What the task asks:
How do the lines read from the one holding "1、打開萬能空調(diào)" through the last line of the listing? Set them down exactly, pictures omitted.

Information provided:
┄┄┄┄┄┄

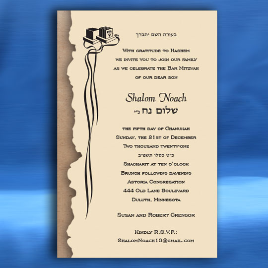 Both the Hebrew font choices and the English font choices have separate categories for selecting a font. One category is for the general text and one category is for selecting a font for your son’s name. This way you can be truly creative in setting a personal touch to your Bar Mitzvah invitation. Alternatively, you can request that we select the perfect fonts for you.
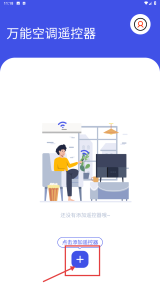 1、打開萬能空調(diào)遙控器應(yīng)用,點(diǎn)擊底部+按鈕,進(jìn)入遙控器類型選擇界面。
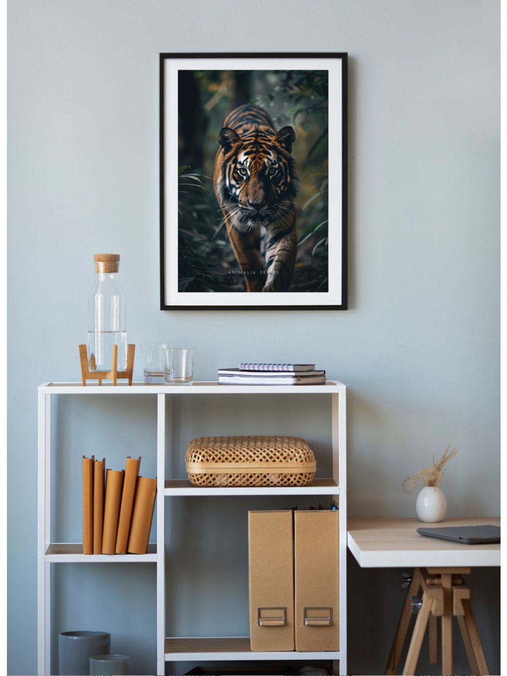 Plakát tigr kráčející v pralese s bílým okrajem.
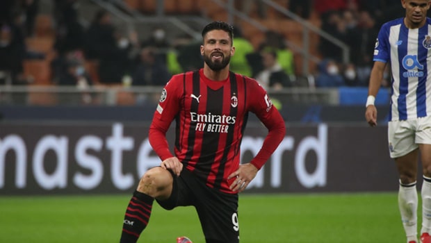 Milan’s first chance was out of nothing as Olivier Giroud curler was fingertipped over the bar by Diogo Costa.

┄┄┄┄┄┄

Task solution:
 1、打開萬能空調(diào)遙控器應(yīng)用,點(diǎn)擊底部+按鈕,進(jìn)入遙控器類型選擇界面。
 Plakát tigr kráčející v pralese s bílým okrajem.
 Milan’s first chance was out of nothing as Olivier Giroud curler was fingertipped over the bar by Diogo Costa.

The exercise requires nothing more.